Problem details: Pictures aside, reproduce exactly each line from the one holding "3 hp 380 Volt Ön Filtre Sepetli Havuz Pompa" through the last line of the material, both ends included.

Exercise inputs:
────────────────────

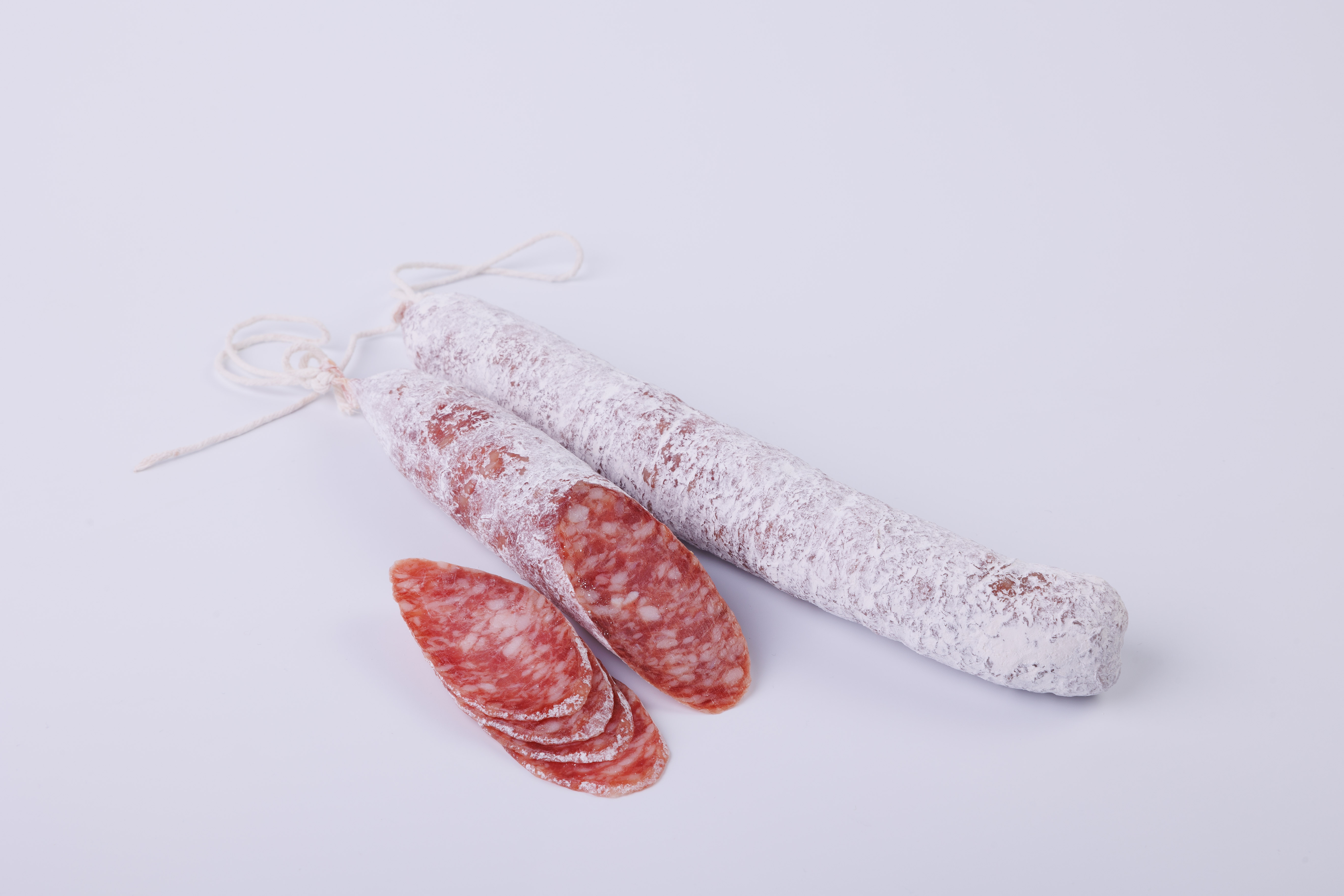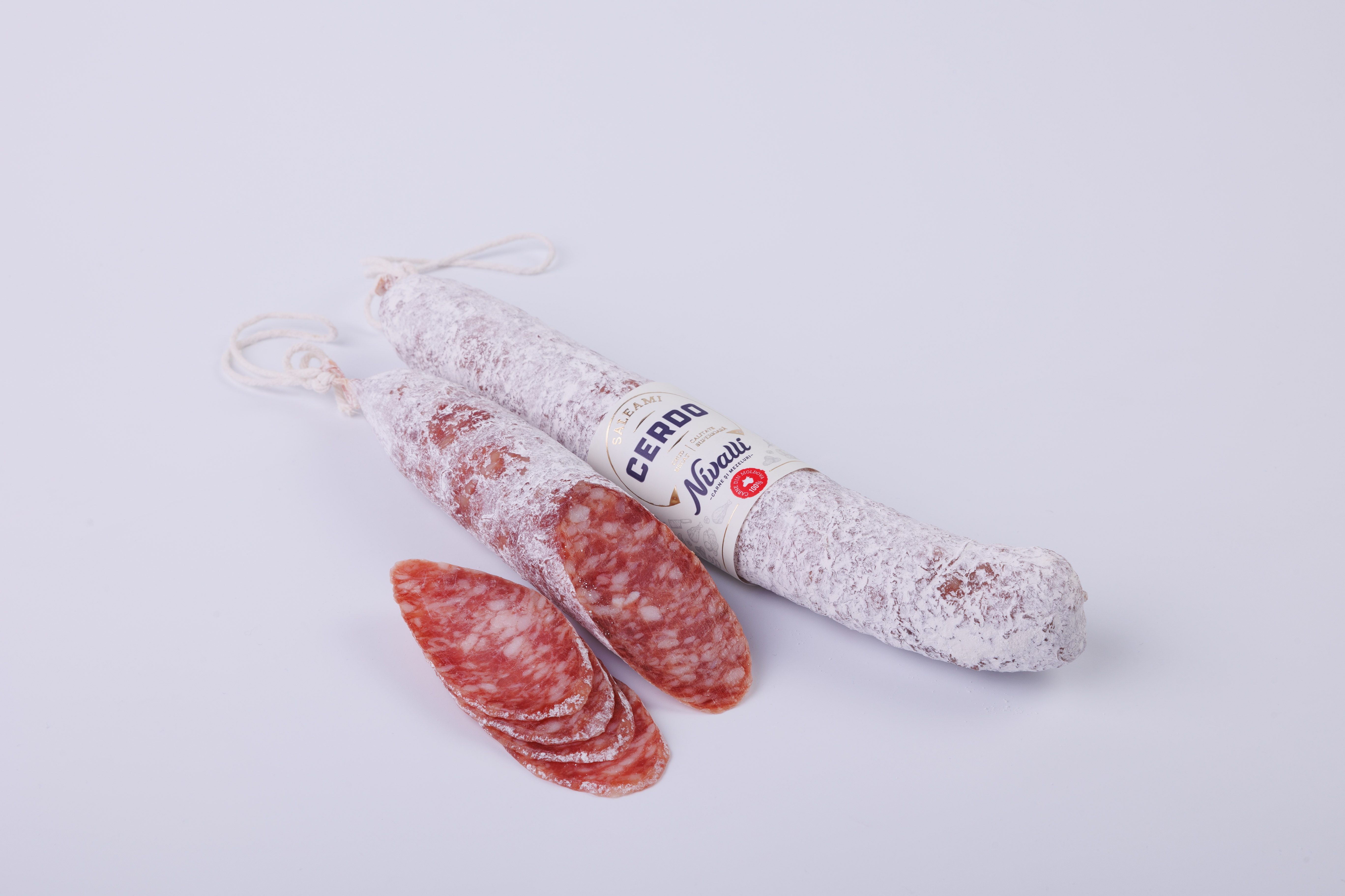 Салями Cerdo – открой для себя подлинный итальянский вкус, попробовав сыровяленое салями Cerdo у тебя дома. Для того, чтобы предать насыщенный вкус специй и мяса готовому продукту, салями Cerdo высшего сорта – сегмента Премиум – изготавливается из отборной свинины, с добавлением черного перца, корицы, мускатного ореха, гвоздики и чеснока. После чего приготовленный фарш наполняют в натуральную оболочку и оставляют созревать 30 дней при определенных условиях. Этот безусловный деликатес перед подачей рекомендуется нарезать очень тонко и сочетать с сыром, вином, ломтиками ароматного багета или как дополнение к любым праздничным закускам.
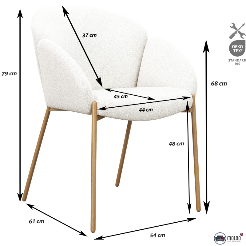 Bewundern Sie die feine Metallstruktur in Eiche-Optik (19 mm), die die Sitzfläche unterstreicht und sich zwischen Armlehnen und Rückenlehne einfügt, mit 4 asymmetrischen Beinen, die nach hinten geneigt sind, um die sehr markante Linie dieses Stuhls zu betonen.
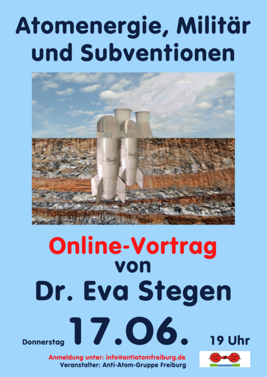 Die Anti-Atom-Gruppe Freiburg bietet eine Online-Veranstaltung zum Thema 'Atomenergie, Militär und Subventionen' mit Dr. Eva Stegen an. Anhand öffentlich zugänglicher Informationen deckt sie auf, welche Interessen nach wie vor gigantische finanzielle Mittel für den Neubau von Atomkraftwerken mobilisieren.
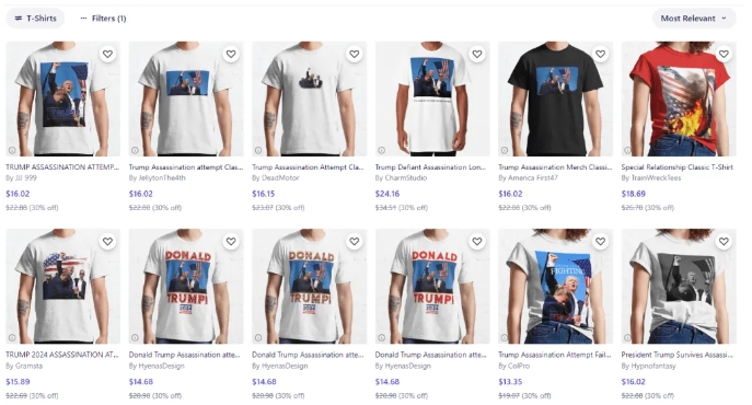 然而不到三小時(shí)后,帶有這一照片圖案的T恤迅速在商店和網(wǎng)店上架銷售,被命名為“特朗普T恤”,并印有他的競(jìng)選口號(hào):“Make America Great Again”。這迅速反應(yīng)的能力令人瞠目結(jié)舌。
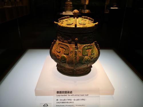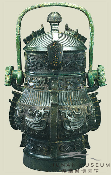 1971年浏阳县出土。腹部装饰一个兽面,占据了整个画面的三分之一。器物通体线条流畅而稳重大气,是一件十分难得的精品。卣是专用盛酒器,盛行于商周时期。只有在重大的祭祀活动中,才会使用。
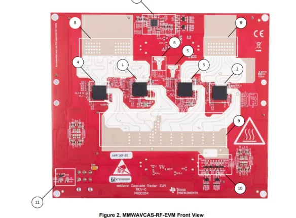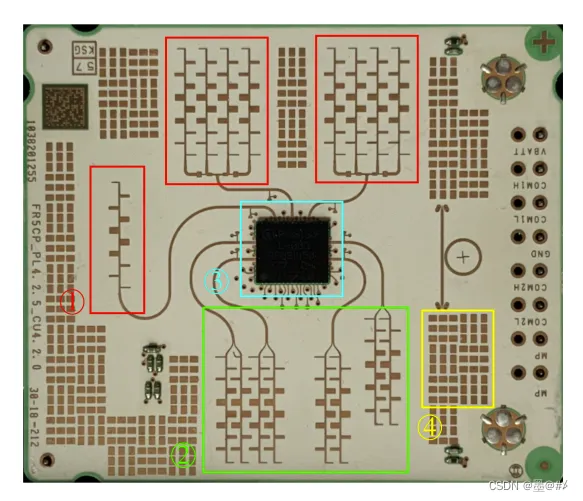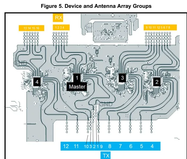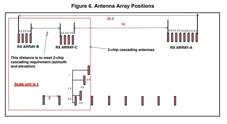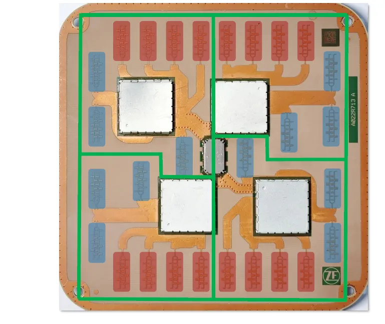 下图中的绿色线框有助于组织天线所属的MMIC,蓝色为发射天线,红色为接收天线。
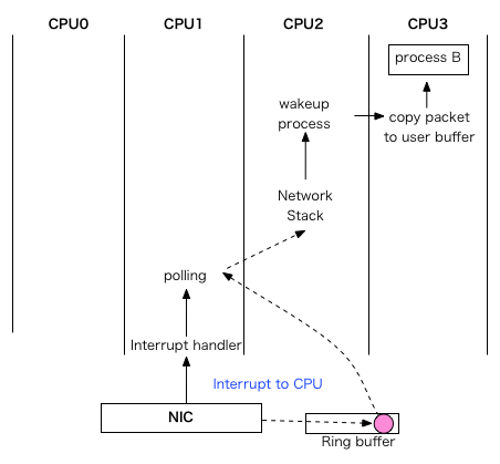 Without RFS, packet may across three different CPUs to deliver packet to a process, on worst case:
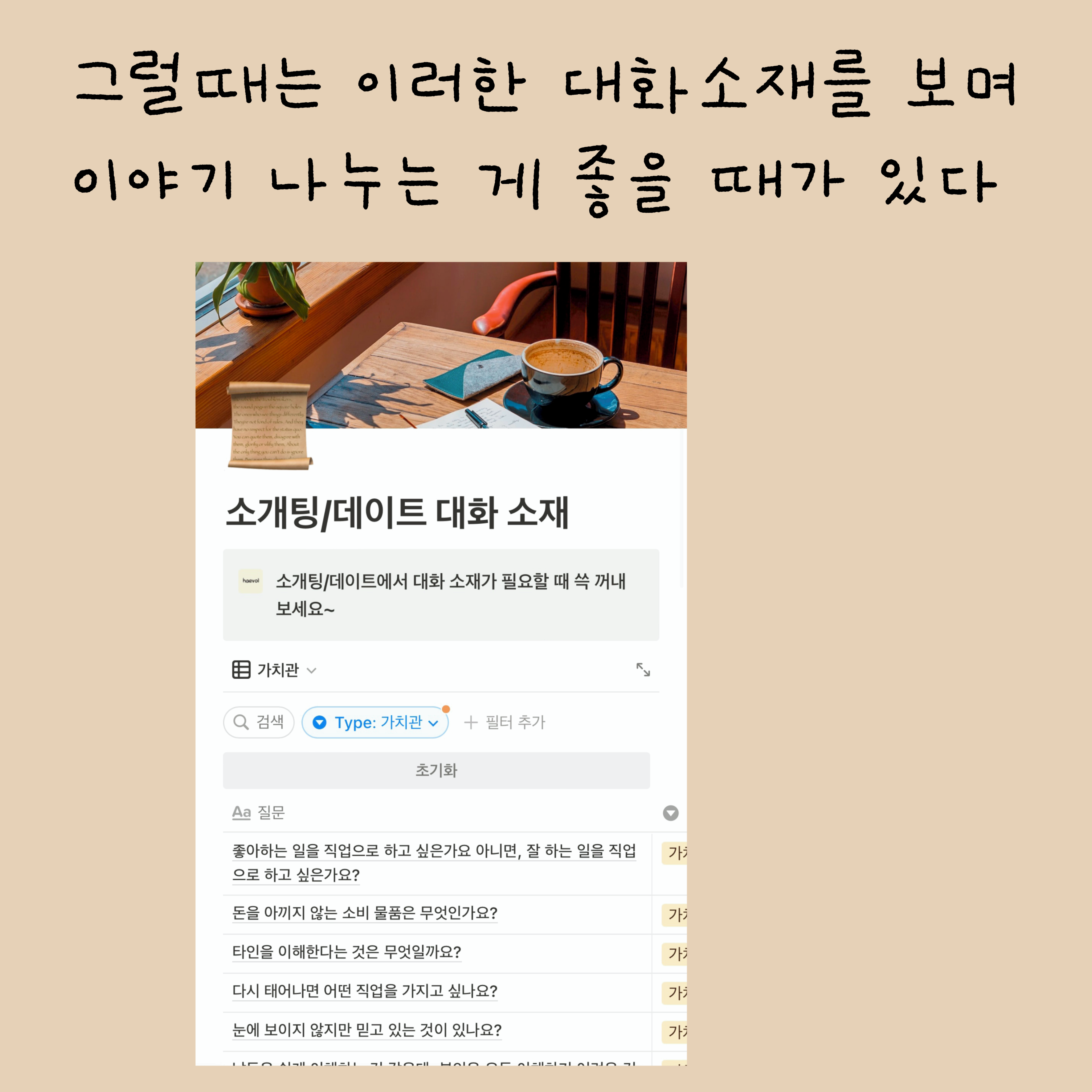 소개팅/데이트에서 대화 소재가 필요할 때 쓱 꺼내보세요~
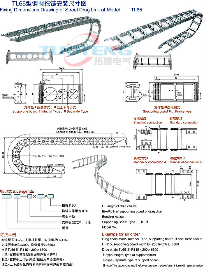 TL系列拖鏈主體是由鏈板(鋼板鍍鉻)支撐板(擠拉鋁合金)軸銷(合金鋼)等部件組成,使電纜或橡膠管與拖鏈之間不產(chǎn)生相對(duì)運(yùn)動(dòng),不產(chǎn)生扭曲變形,鏈板經(jīng)鍍鉻處理外形效果更新穎,結(jié)構(gòu)合理,靈巧強(qiáng)度,鋼性好不變形,安裝方便,使用可靠,易拆裝,尤其是本產(chǎn)品采用了強(qiáng)度耐磨材料,合金銅為軸銷,提了產(chǎn)品耐磨強(qiáng)度,彎曲更靈活,阻力更小,降低了噪音,從而可保證長時(shí)間使用不變形,不下垂。
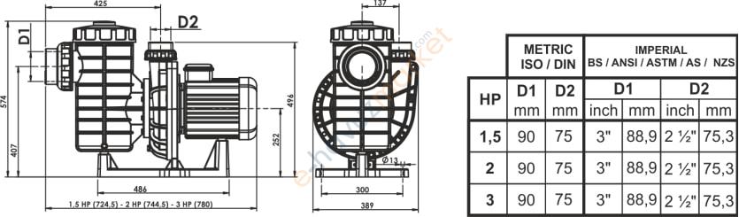 3 hp 380 Volt Ön Filtre Sepetli Havuz Pompa
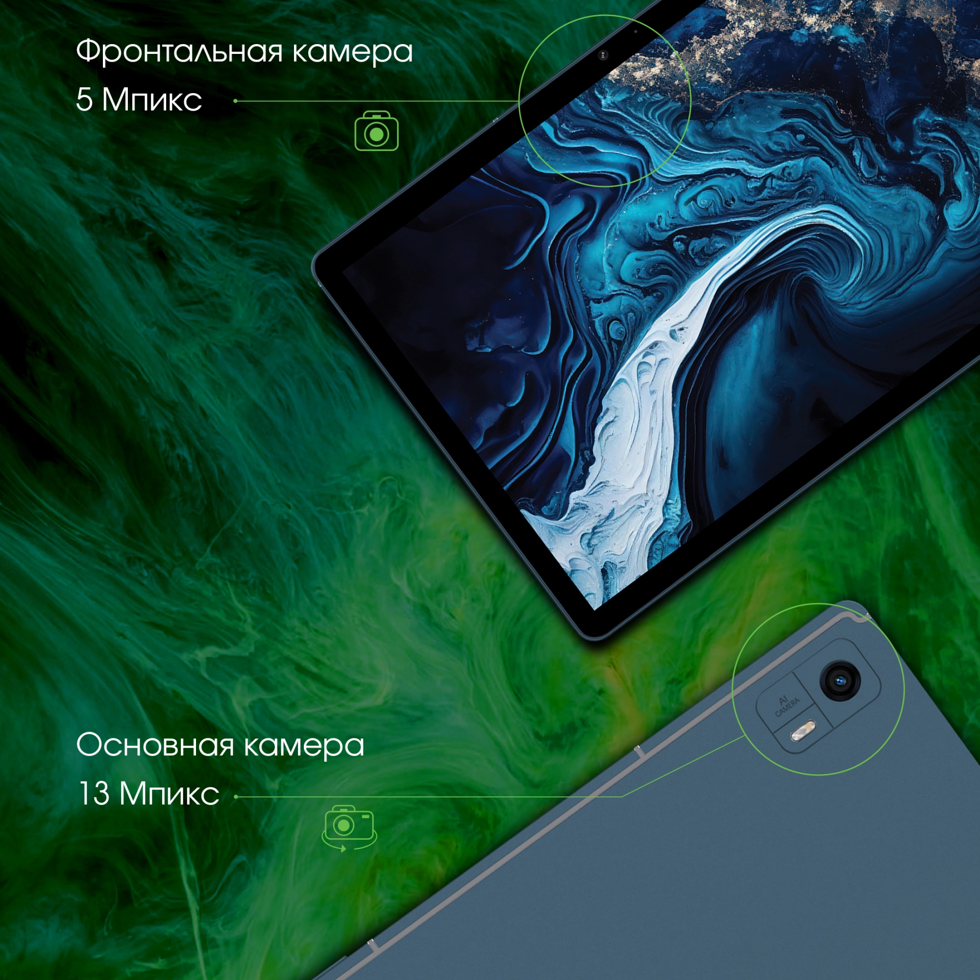 На боковых гранях находятся кнопки переключения громкости, включения, блокировки, динамики, микрофон, слот для SIM-карт, а также разъём для зарядки. За скорость «соображения» гаджета отвечает 8-ядерный процессор Unisoc Tiger T606 с частотой 1.6 ГГц и 8 Гбайт оперативной памяти.
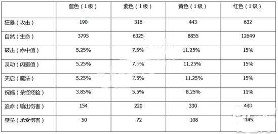 符文等级:蓝色、紫色、橙色、红色(最好)。
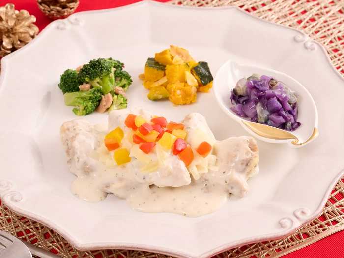 パプリカが彩りを添え、クリスマスらしい華やかさも魅力です。副菜はブロッコリーツナサラダ、かぼちゃアーモンド、アサリと紫キャベツのマリネの3種で、プレート全体が上品な味わいに整えられています。

────────────────────

Response below:
 3 hp 380 Volt Ön Filtre Sepetli Havuz Pompa
 На боковых гранях находятся кнопки переключения громкости, включения, блокировки, динамики, микрофон, слот для SIM-карт, а также разъём для зарядки. За скорость «соображения» гаджета отвечает 8-ядерный процессор Unisoc Tiger T606 с частотой 1.6 ГГц и 8 Гбайт оперативной памяти.
 符文等级:蓝色、紫色、橙色、红色(最好)。
 パプリカが彩りを添え、クリスマスらしい華やかさも魅力です。副菜はブロッコリーツナサラダ、かぼちゃアーモンド、アサリと紫キャベツのマリネの3種で、プレート全体が上品な味わいに整えられています。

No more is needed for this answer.